Abstract

Building Experiments in PsychoPy by Peirce and MacAskill is essential reading for anyone starting out creating computer-based experiments using PsychoPy. PsychoPy is a collection of Python libraries (Peirce, 2007, 2009), which began life as a means for its inventor (Jonathan Peirce) to display Gabor patches. An open source project, PsychoPy has evolved far beyond its original purpose, to the point where it can now interact with a variety of different hardware devices (e.g., eye-trackers, button boxes) and produce online web-based experiments. So, the time is ripe for a manual that gently guides the reader through from beginner to professional and ultimately to discovering the specialist applications of PsychoPy.
The book is divided into three sections. The first section, For the Beginner, introduces the reader to the graphical interface (the Builder View) and has them creating a perfectly usable Stroop task within about 15 minutes of first picking up the book. The apparent simplicity of this initial foray into PsychoPy soon gives way to more complex tasks like masking images, providing feedback to participants using Python code, and tracking mouse location in a visual search task. Whilst the aim of the book is not to teach the reader Python programming, where code is used it is fully explained, allowing for an intuitive understanding of how it helps achieve the desired effect.
In the second section, the reader moves on to becoming a Professional PsychoPy user. The book now builds upon earlier chapters describing the reasons why you might want randomisation and counterbalancing in your studies, implemented through nested loops, to discuss more complicated randomisation schemes. It provides an in-depth description of the colour space and coordinate systems used for presenting visual stimuli, plus an extensive discussion of why it is important to use frame-based timing (each monitor refresh is a new frame) for ultimate accuracy. Given the authors’ backgrounds in visual psychophysics and saccadic eye movement research, they can be forgiven for spending time discussing the merits of photometers and digital light processing projectors for optimal stimulus delivery. Indeed, these sections expose the reader to the type of considerations that become essential when wanting to accurately deliver visual stimuli.
The final section, For the Specialist, covers a wide range of topics with a focus on visual stimuli. However, non-vision scientists should not be put off as the examples contain many transferrable skills, for example, staircase threshold determination, which has application across a wide range of sensory modalities outside of vision. The chapters on using PsychoPy in fMRI and EEG experiments are good starting points, which deal with critical features like trigger detection through network communication or parallel ports, but unfortunately do not provide details on how PsychoPy interacts with other hardware, for example, button boxes, stimulation devices, which are frequently part of such studies. One other notable omission is a chapter dealing with PsychoPy’s ability to produce web-based experiments, though that topic could probably occupy an entire book.

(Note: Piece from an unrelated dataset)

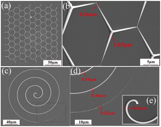 In addition, the FIAFPC method can be applied to the fabrication of more complex structures with continuously varying morphological gradients. In Figure 7a, a hexagon lattice structure was fabricated based on this method, where each hexagon is composed of three morphological gradient needle structures. In this lattice structure, the linewidth at the tip of each needle is approximately 0.260 μm, and the bottom linewidth is approximately 1.030 μm. The tips of every three micro/nanoneedles are connected to the same height feature point with the other two needles, ultimately creating a hexagon lattice structure with alternating heights. Figure 7c shows an Archimedean spiral structure with continuously graded height. Using the normal of the substrate plane as the axis of rotation and an arithmetic angle as the independent variable, the increasing radius angle of each processing point is 0.0275 rad relative to the previous point, while the radius increases two-fold over the current accumulated angle relative to the initial position, generating equidistant spiral curves. Meanwhile, the voxel evenly sinks into the substrate along the z-axis, and the overall height and linewidth of the spiral structure gradually decreases from the center of the pattern to the periphery. When processing gradient curve structures, all working axes of the NPS need to reach the target position simultaneously to ensure this in each subdivided processing step. It is necessary to recalculate the required velocities of each axis based on the compensated path. As the speeds of each axis need to dynamically change during the fabrication, the integrated program developed by this group is used to recursively calculate the speeds for each stage in advance, which are then pre-allocated in the NPS buffer to reduce the exposure offset caused by waiting during processing computation time. The focal point gradually penetrates the substrate along the spiral path relative to the substrate plane, and the fabrication linewidth also shrinks from 0.62 μm to 0.25 μm, or even narrower. The structures above can be replicated to obtain corresponding morphological gradient micro/nano channels through inverse molding, holding potential application value in micro/nano fluidics.

Throughout Building Experiments in PsychoPy, Peirce and MacAskill make use of real-world examples that enable the reader to not only get to grips with PsychoPy but also to see how it can be used to implement computerised tasks like those examining the big-five personality constructs, using data from open source repositories. Such examples illuminate what could otherwise be a relatively dry subject matter, demonstrating how it is possible to create your own experiments and start collecting data in a relatively short amount of time. However, it also covers the nuances around stimulus delivery, allowing novice PsychoPy users to deliver experimental designs that provide reliable data. The book is extremely well written and an excellent resource for learning about, and teaching others to use, PsychoPy.